Place-based approaches share common characteristics that guide their design and implementation - they:

  • respond to complex, intersecting local drivers that require a cross-portfolio and sectoral response
  • develop a shared understanding of local context drawing on a broad range of evidence, from data to research to lived experience and local knowledge
  • are based around shared outcomes that reflect locally agreed priorities and unite local stakeholders
  • embed deep engagement and collaborative governance structures that engage across sectors and with a diverse cross-section of the community
  • are implemented through shared action, with an iterative approach and progress monitoring that supports continual learning
  • apply formal approaches to evaluation to enable accountability and guide strategy

However, how partners want to (and are ready to) work will be different in each case.

This section will unpack some of the differences that arise when designing place-based approaches and will require consideration by government when considering or embarking on a place-based initiative.
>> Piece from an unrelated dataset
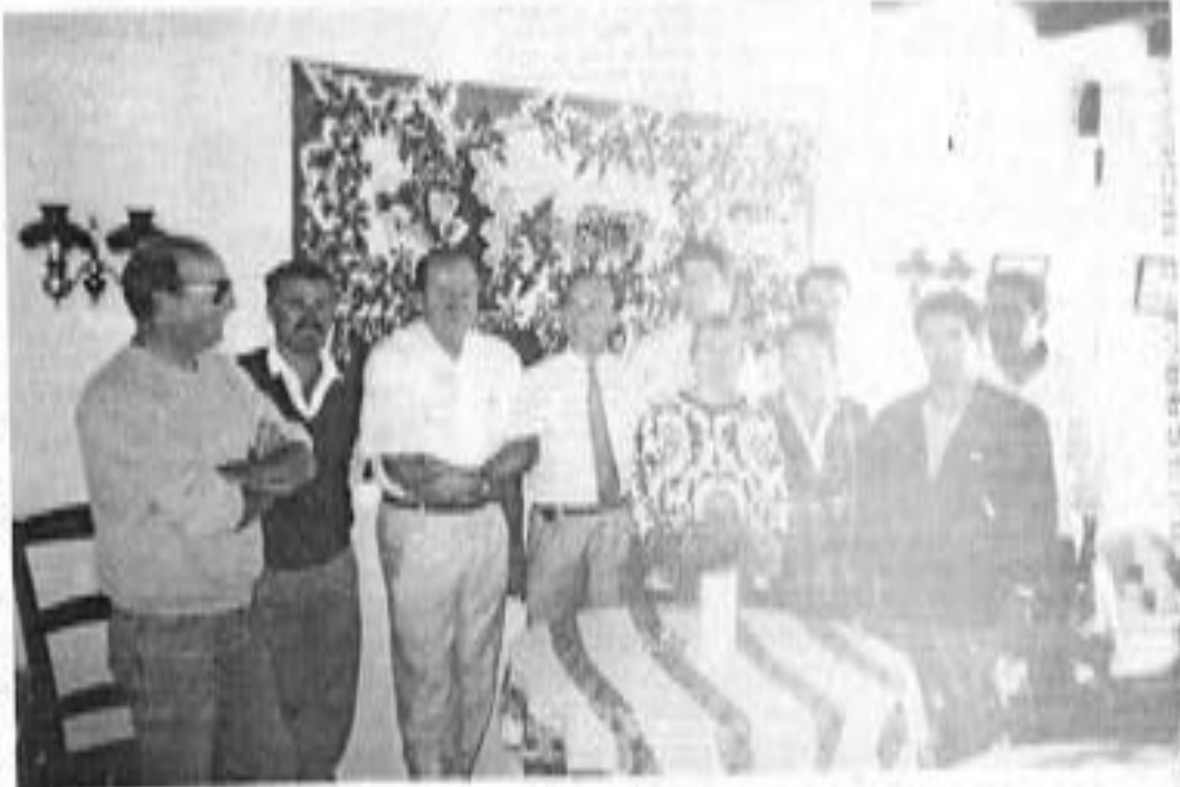
Hôteliers et restaurateurs unis pour défendre l'île d'Oléron et la qualité de l'accueil touristique.

Cette action se fera en 1980. Le club des hôteliers et restaurateurs de l'île d'Oléron a été créé le 24 juin 1980. Son objectif est de promouvoir les établissements de l'île par des actions collectives. Cette démarche «insulaire» a été longue à mûrir. Elle se veut complémentaire des actions de développement touristique.

This section will explore:
  • Different levels of readiness
  • Different supporting teams or organisations
  • Different methodologies, models and tools
  • Different ways of sharing decision-making, influence, control and accountability
  • Implementing place-based approaches

Different levels of readiness

Place-based approaches work best when communities and government share the right capabilities, policies, mindset and intent. Their success relies on shared outcomes and the strength of relationships.

To work together in a place-based approach, community and government need to be ready or willing to build readiness.Readiness can be gauged by looking at factors such as:

  •  Leadership
    • Government and community leaders with connections, knowledge and influence who are willing to apply their resources to an issue and ‘model the message’ by collaborating.
  • Connections
    • Across community and government, existing relationships between people and organisations are a starting point for mobilising around shared outcomes.
  • Mindsets and willingness to learn
    • A willingness to work outside of traditional processes and across organisational boundaries; adapt to changing contexts; and continually innovate in pursuit of shared outcomes.
  • Existing effort
    • Existing programs, policies or actions around an issue or opportunity can demonstrate an ability to mobilise around outcomes and an attitude of awareness and empowerment.
  • Knowledge of past efforts
    • People who know what has gone before (and can identify what does and does not work in improving outcomes for the local community) are key to ensuring that initiatives build on lessons learnt.
  • Resources and skills
    • Staff, time, funding, facilities, skills, etc. in the community and within government that can be made available to work towards shared outcomes are a key enabler.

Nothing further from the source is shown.